In version 3.1, the fn:deep-equal function did not merge adjacent text nodes after stripping comments and processing instructions, so the elements abcdef]]> and abcdef]]> were considered non-equal. In version 4.0, the text nodes are now merged prior to comparison, so these two elements compare equal.

In version 4.0, the function signature of fn:namespace-uri-for-prefix constrains the first argument to be either an xs:NCName or a zero-length string (the new coercion rules mean that any string in the form of an xs:NCName is acceptable). If a string is supplied that does not meet these requirements, a type error will be raised. In version 3.1, this was not an error: it came under the rule that when no namespace binding existed for the supplied prefix, the function would return an empty sequence.

Furthermore, because the expected type of this parameter is no longer xs:string, the special coercion rules for xs:string parameters in XPath 1.0 compatibility mode no longer apply. For example, supplying xs:duration('PT1H') as the first argument will now raise a type error, rather than looking for a namespace binding for the prefix PT1H.

Version 4.0 makes it clear that the casting of a value other than xs:string or xs:untypedAtomic to a list type (whether using a cast expression or a constructor function) is a type error . Previously this was defined as an error, but the kind of error and the error code were left unspecified. Accordingly, the function signatures of the constructor functions for built-in list types have been changed to use an argument type of xs:string?.

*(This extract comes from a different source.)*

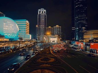 夜晚的徐家汇,灯火璀璨,车水马龙
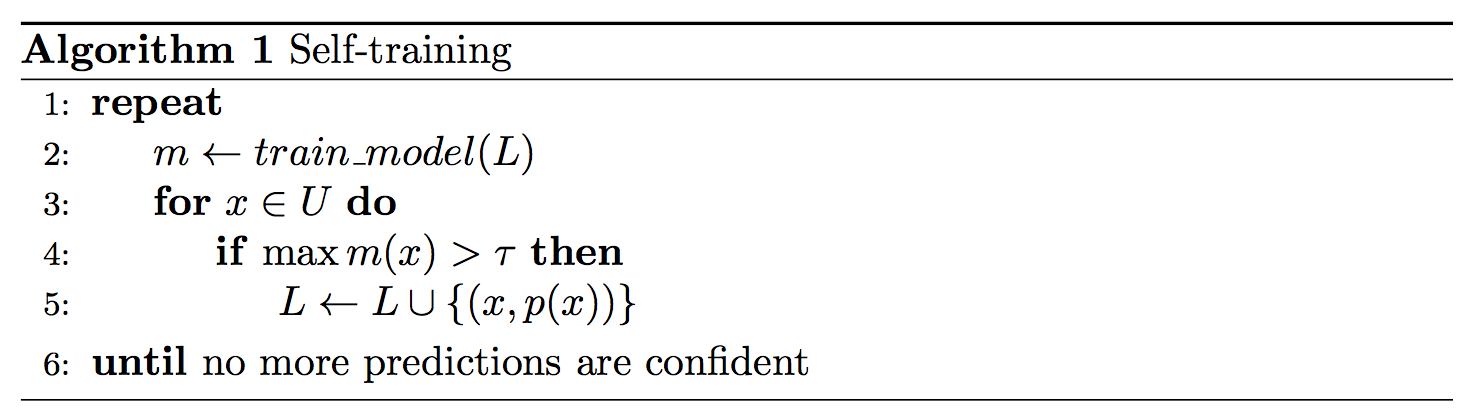 1995年,Yarowsky等人提出 Self-training 算法,被视为半监督学习的基本雏形。顾名思义,Self-training就是在已有标签基础上,让模型对无标签数据进行分类,然后再把分类预测用于训练,并从中获取额外信息。

In version 3.1, end-of-line characters were adopted unchanged when calling fn:unparsed-text. In version 4.0, they are normalized as known from XML (see ).

The way that fn:min and fn:max compare numeric values of different types has changed. The most noticeable effect is that when these functions are applied to a sequence of xs:integer or xs:decimal values, the result is an xs:integer or xs:decimal, rather than the result of converting this to an xs:double.

The type of the third argument of fn:format-number has changed from xs:string to (xs:string | xs:QName). Because the expected type of this parameter is no longer xs:string, the special coercion rules for xs:string parameters no longer apply. For example, it is no longer possible to supply an instance of xs:anyURI or (when XPath 1.0 compatibility mode is in force) an instance of xs:boolean or xs:duration.

For compatibility issues regarding earlier versions, see the 3.1 version of this specification.